What factors influence their appearance?

Some factors, such as those we describe below, predispose people to heavy legs and can be avoided.

  • Age: Various studies show that the frequency of venous diseases is 60% in people over 65.
  • Personal medical history (previous circulatory disease).
  • Genetic predisposition (family history).
  • Hormonal status (particularly during pregnancy and menopause or if you’re taking oral contraceptives or undergoing hormone replacement therapy).
  • Foot morphology: Flat feet (reduces the muscular contraction that normally occurs when you walk).

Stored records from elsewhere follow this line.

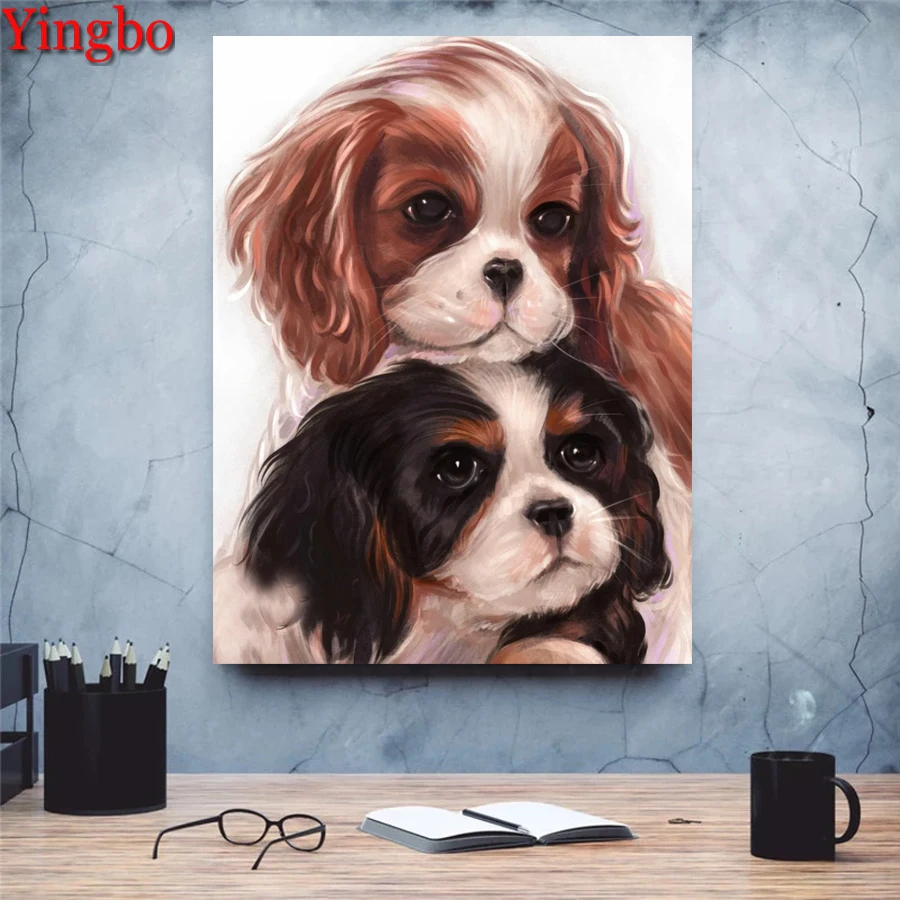 Алмазная вышивка с квадратными стразами, картина 5D с изображением животных стразы, декор мозаики, карлез спаниель
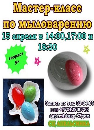В СЦ "Апельсинка" состоится мастер-класс по мыловарению.
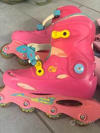 Vendo pattini in linea numero 36 della decathlon con protezioni ginocchia gomiti e polsi.
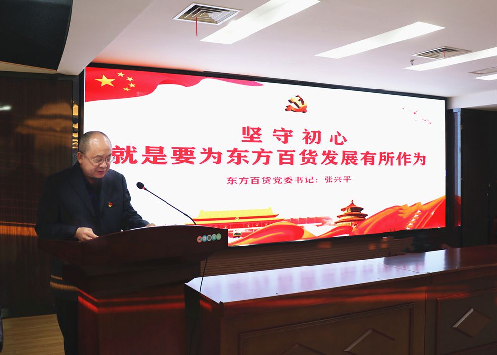 11月11日,以“11月党员主题活动日”为契机,东方百货深入推进主题教育活动,公司党委书记张兴平在会上讲党课,全体党员干部参会。

In addition, some avoidable factors aggravate the syndrome, such as:

  • Physical inactivity.
  • Standing or sitting for many hours a day.
  • Prolonged sun or heat exposure.
  • High-risk jobs: health personnel, hostesses, hospitality personnel, hairdressers, housekeepers, office workers, drivers, teachers, and telephone operators, among others.
  • Excess weight or obesity, especially in the case of women. Increased fatty tissue in the legs complicates the effectiveness of the muscle pump that aids venous return.
  • Constipation, because it causes an increase in abdominal pressure and can make it difficult for the blood to flow back to the heart.
  • Tight clothing on the legs and hips, as it interferes with venous return.
  • High temperatures. Heat causes dilation of the veins and makes it difficult for the blood to flow back to the heart.

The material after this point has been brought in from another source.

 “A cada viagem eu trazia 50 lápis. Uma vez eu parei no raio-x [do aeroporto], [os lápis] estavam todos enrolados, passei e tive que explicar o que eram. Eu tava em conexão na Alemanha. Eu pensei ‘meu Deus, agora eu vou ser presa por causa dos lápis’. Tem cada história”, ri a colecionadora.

All these factors can be modified before the onset of the syndrome and you can help relieve your discomfort and long-term complications.

A woman putting on tight jeans.
Modifiable factors can lead to heavy legs. One of them is wearing overly tight clothes.

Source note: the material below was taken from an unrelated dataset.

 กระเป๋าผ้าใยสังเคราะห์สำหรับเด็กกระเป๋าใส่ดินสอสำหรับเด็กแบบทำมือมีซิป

Visit this interesting article: How to Prevent and Treat Poor Leg Circulation

Tips for the prevention and relief of heavy legs

The main solution to prevent heavy legs is to change your lifestyle habits. Here are the measures that you can resort to prevent the condition or relieve its possible effects if it appears:

  • Keep your legs elevated. Elevate your legs for at least 30 minutes, two to three times a day. You should sit and elevate your legs above the hip level, supported on an armchair, without crossing them.
  • Exercise every day, at least 30-60 minutes a day. Avoid lifting weights with your legs. Experts recommend aerobic activities such as swimming, cycling, pilates, or yoga.
  • Avoid excess weight. Follow a low-calorie diet.
  • Avoid sources of heat and excessive sun exposure. Coldwater baths can be beneficial.
  • Sleep with your legs elevated about four to eight inches.
  • Don’t wear tight clothing or footwear. It’s best to use garments made with natural fibers that allow the skin to breathe. Although some heel can be beneficial in footwear, you should avoid high heels.
  • Avoid constipation. Try to establish a daily stool pattern by establishing new habits.
  • Control your blood pressure.
  • Massage from the feet up. This aids circulation and decreases fluid buildup in the ankles.
A person putting on compression bandages due to heavy legs.
In the case of heavy legs, medical professionals can suggest therapeutic options such as compression socks or bandages.

Possible treatments

Although heavy legs isn’t a serious condition, it’s becoming increasingly common. Currently, medical professionals recommend the following options:

  • Compression therapy. This consists of applying pressure to the legs through the use of elastic compression bandages or socks. You must choose the appropriate compression, size, and model, which will be different for each person. Thus, you must make sure to consult a professional.
  • Hydrotherapy. Showers combined with massages with cold water or alternating cold water with lukewarm water. This helps stimulate venous circulation.
  • Phytotherapy. Some medicinal plants help improve blood circulation. Remember to only use those recommended by a professional and supervised by a pharmacist. Some examples are ginkgo biloba, butcher’s broom, and witch hazel, among others.
  • Drugs. This consists of the administration of venotonics, always under medical prescription, which improves venous return.
  • Vascular surgery. This is only done in extreme cases.

In short, heavy legs is a condition that can affect your quality of life if you don’t treat it in a timely manner. Therefore, it’s advisable to consult your doctor at the first symptoms.